Feminist Economics
- Discipline: Feminist economics
- Language: English
- Edited by: Elissa Braunstein

Publication details
- History: 1994–present
- Publisher: Routledge
- Frequency: Quarterly
- Impact factor: 2.0 (2024)

Standard abbreviations
- ISO 4: Fem. Econ.

Indexing
- ISSN: 1354-5701
- LCCN: 99111832
- OCLC no.: 32729633

Links
- Journal homepage; Online access;

= Feminist Economics (journal) =

Feminist Economics is a peer-reviewed academic journal published by Routledge and the International Association for Feminist Economics (IAFFE) in the field of feminist economics.

According to the Journal Citation Reports, the journal had a Journal Impact Factor of 2.0 and a 5-year impact factor of 3.8 in 2024. This places it 13th out of 70 journals (Q1) in Women's Studies and 212th out of 617 journals (Q2) in Economics.

== History ==
Feminist Economics was founded in 1994 by Diana Strassman on behalf of the International Association for Feminist Economics (IAFFE).
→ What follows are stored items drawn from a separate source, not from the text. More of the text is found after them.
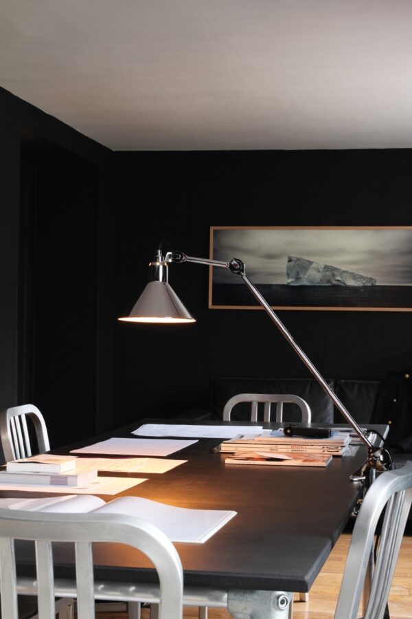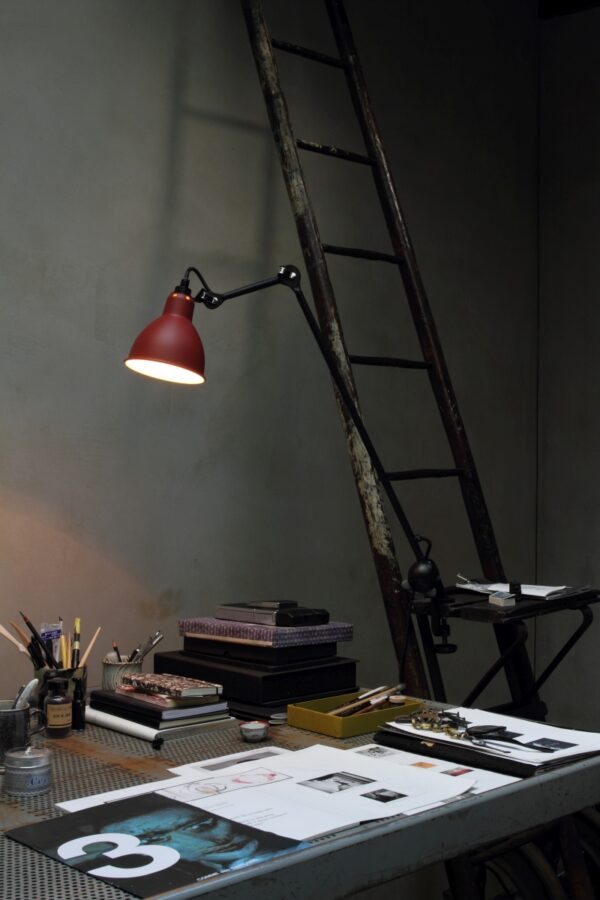1921 entwickelte Bernard-Albin Gras eine Serie von Leuchten für Industrie und Konstruktionsbüros. Die Lampe GRAS – wie sie künftig benannt wird, verblüfft durch ihre Ergonomie und einfache Mechanik : keine Schraube, keine Schweissnaht und sie überzeugt durch ihre Robustheit und Langlebigkeit. Pierre Bonnefille, ein talentierter Farbkünstler und “ Maître d’Art „, setzt charakteristisch Akzente der Lampenschirme der Lampe GRAS. Das ROUGE BOLUS, ein Rot, das dem Blattgold seinen leuchtenden Charakter gibt. RUHIGES GELB, die Farbe des Maschinenöls. TIEFES BLAU erinnert an das Kohlepapier. Schneewittchen,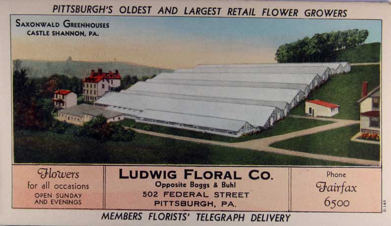 Lot #70. View Larger | Rotate Adv. Ludwig Floral Co., Pittsburgh, PA, Blotter from Curt Teich m wear Near VF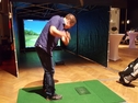 Video-Golfsimulation mit Sensorabschlagmatte, Eventsimulatorensoftware, Golf-Drivingrangeprogramm,  Hochleistungsrechner und hochwertiges Schlägerset. Spielen mit bis zu vier Spielern auf virtuellen Golfplätzen weltweit. Putten Sie selbst oder wählen Sie Auto Putt. Unglaublich realistisch. Die Distanz und die Richtung eines Schlags werden in Echtzeit ermittelt.  2 x 16 optische Hochleistungssensoren messen jeden Schwung, Pitch, Chipp oder Putt.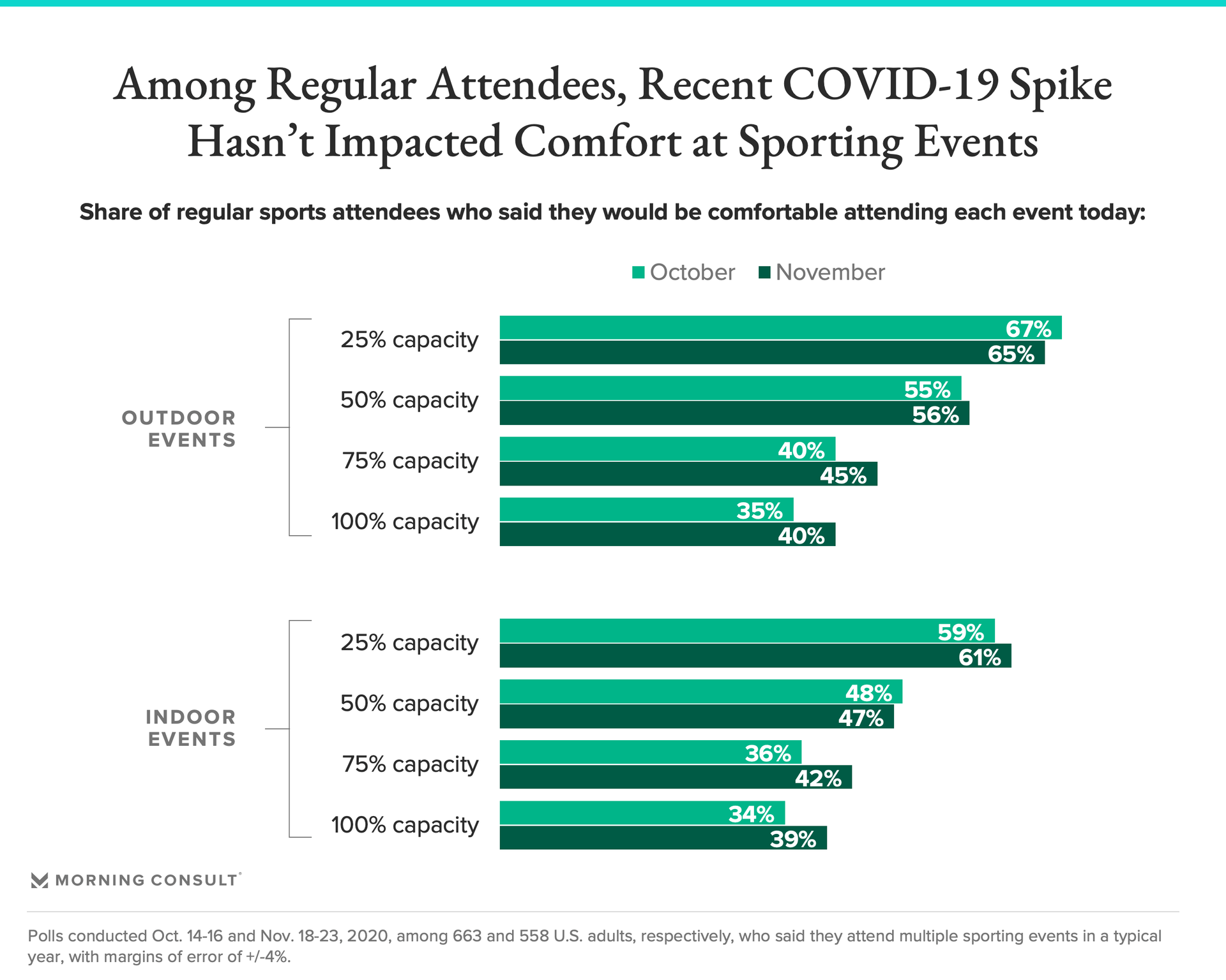 In a Morning Consult poll conducted Nov. 18-22, 40 percent of U.S. adults said they would be “very” or “somewhat” comfortable attending an indoor sporting event or concert with attendance capped at 25 percent of the venue’s capacity. Among those who indicated they attend multiple sporting events in a typical year, 61 percent said they would be comfortable attending an indoor event with attendance capped at 25 percent. Despite the recent coronavirus surge, both of those figures are virtually unchanged from an October survey.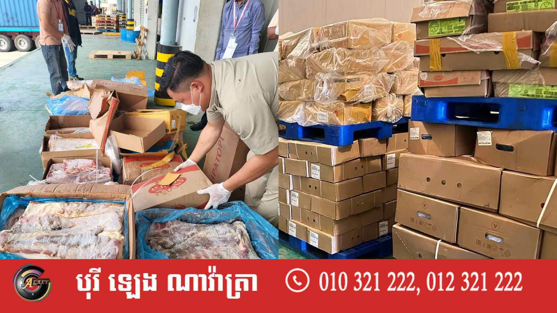 ក្រុមការងារអន្តរាគមន៍បង្ក្រាបបទល្មើសចលនាសត្វនៃអគ្គនាយកដ្ឋានសុខភាពសត្វ និងផលិតកម្មសត្វ បានចុះឆែកឆេរឃ្លាំងស្តុក ១កន្លែង នៅក្នុងសង្កាត់ក្រាំងធ្នង់ ខណ្ឌសែនសុខ និងរកឃើញសាច់បង្កកនាំចូលពីបរទេសដោយគ្មាច្បាប់ជិត ៤ សែនគីឡូក្រាម ។

The first issue was published in 1995. Feminist Economics was voted as the "Best New Journal" by the Council of Editors of Learned Journals in 1997.

Founding Editor Diana Strassman (Rice University) was joined by Editor Günseli Berik (University of Utah) in 2010, who served until 2017.
Elissa Braunstein (Colorado State University) became Co-Editor of Feminist Economics in 2017, taking over as Editor in 2020.